1. An ultra-short-term prediction method for wind power is characterized by comprising the following steps:

2. The ultra-short-term wind power prediction method according to claim 1, wherein a first weather prediction data of a wind farm at a current time and a weather prediction error at a previous time are input to a wind speed correction model, the wind speed correction model corrects a wind speed in the first weather prediction data according to the prediction error at the previous time, and outputs a second weather prediction data at the current time after correction; the wind speed correction model is an extreme learning machine model.

3. The ultra-short term prediction method for wind power according to claim 2, wherein a first degree of correlation between weather factors and wind power and a second degree of correlation between operation index factors and wind power are calculated according to historical weather data of a wind farm, operation index data of a wind turbine generator and wind power data, and key factors affecting the wind power are determined according to the first degree of correlation and the second degree of correlation, specifically:

4. The ultra-short-term prediction method of wind power according to claim 3, characterized in that the first weather prediction data is obtained after screening the weather prediction data of the wind farm at the current moment according to the key factors.

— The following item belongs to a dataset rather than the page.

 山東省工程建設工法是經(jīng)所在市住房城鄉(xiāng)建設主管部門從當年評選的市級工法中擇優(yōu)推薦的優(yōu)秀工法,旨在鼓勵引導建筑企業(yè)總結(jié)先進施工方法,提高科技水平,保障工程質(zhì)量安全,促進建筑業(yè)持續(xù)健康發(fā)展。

5. The ultra-short term prediction method of wind power as claimed in claim 4, wherein the wind power correlation model respectively normalizes the historical weather data of the wind farm, the operation index data of the wind turbine generator and the wind power data before calculating the first correlation between the weather factor and the wind power and the second correlation between the operation index factor and the wind power according to the historical weather data of the wind farm, the operation index data of the wind turbine generator and the wind power data.

6. The ultra-short term prediction method of wind power according to claim 5, wherein the weather factors of the first degree of correlation greater than 0.85 are determined as weather key factors, and the operation index factors of the second degree of correlation greater than 0.85 are determined as operation index key factors.

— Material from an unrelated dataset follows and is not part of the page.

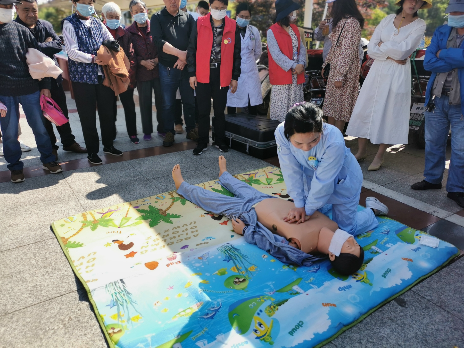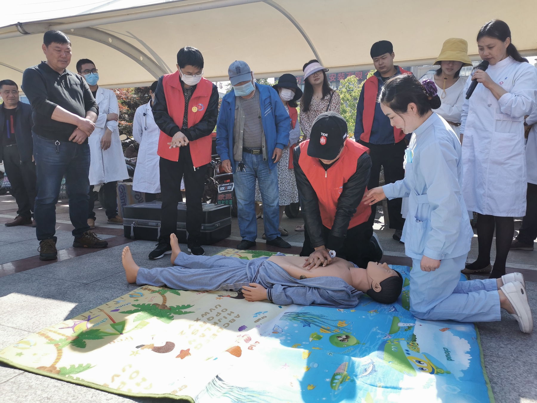 护理部主任杨正霞和急诊科护士长喻红向居民讲解了“心肺复苏”的指征、急救要点以及操作流程,并进行心肺复苏技能的培训,在场的居民对这样的现场急救教学非常感兴趣,看的认真,学的仔细,纷纷参与演练,切实掌握了所学内容。

7. The ultra-short term prediction method of wind power according to any one of claims 1 to 6, characterized in that the historical weather data input to the wind power relevancy model is screened according to the weather key factors to obtain screened historical weather data, the operation index data input to the wind power relevancy model is screened according to the operation index key factors to obtain screened operation index data, and the screened historical weather data and the screened operation index data are used as a training set of the wind power ultra-short term prediction model.

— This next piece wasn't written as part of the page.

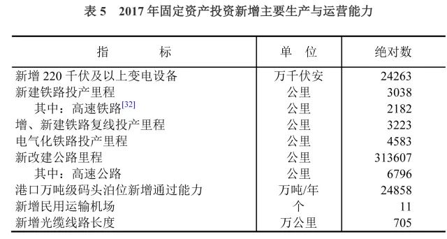 從固定資產(chǎn)投資新增主要生產(chǎn)能力看,2017年,我國新建鐵路投產(chǎn)里程3038公里。其中新增高速鐵路2182公里;增、新建鐵路復(fù)線投產(chǎn)3223公里;電氣化鐵路投產(chǎn)4583公里。2017年,我國新改建公路313607公里。其中高速公路里程數(shù)達到6796公里。我國建成了世界上最大的高速公路網(wǎng)和高鐵運營網(wǎng)。

8. An ultra-short-term prediction device for wind power is characterized by comprising a key factor calculation module, a data screening module and a wind power prediction module;

9. The ultra-short-term wind power prediction device according to claim 8, comprising a wind speed correction module, wherein the wind speed correction module is configured to input a first weather prediction data of a wind farm at a current time and a weather prediction error of a previous time into a wind speed correction model, and the wind speed correction model corrects a wind speed in the first weather prediction data according to the prediction error of the previous time and outputs a second weather prediction data of the current time after correction; the wind speed correction model is an extreme learning machine model.

10. A readable storage medium, characterized in that the readable storage medium comprises a stored computer program, which when executed controls a device on which the readable storage medium is located to perform the ultra-short term prediction method of wind power as claimed in any one of claims 1 to 7.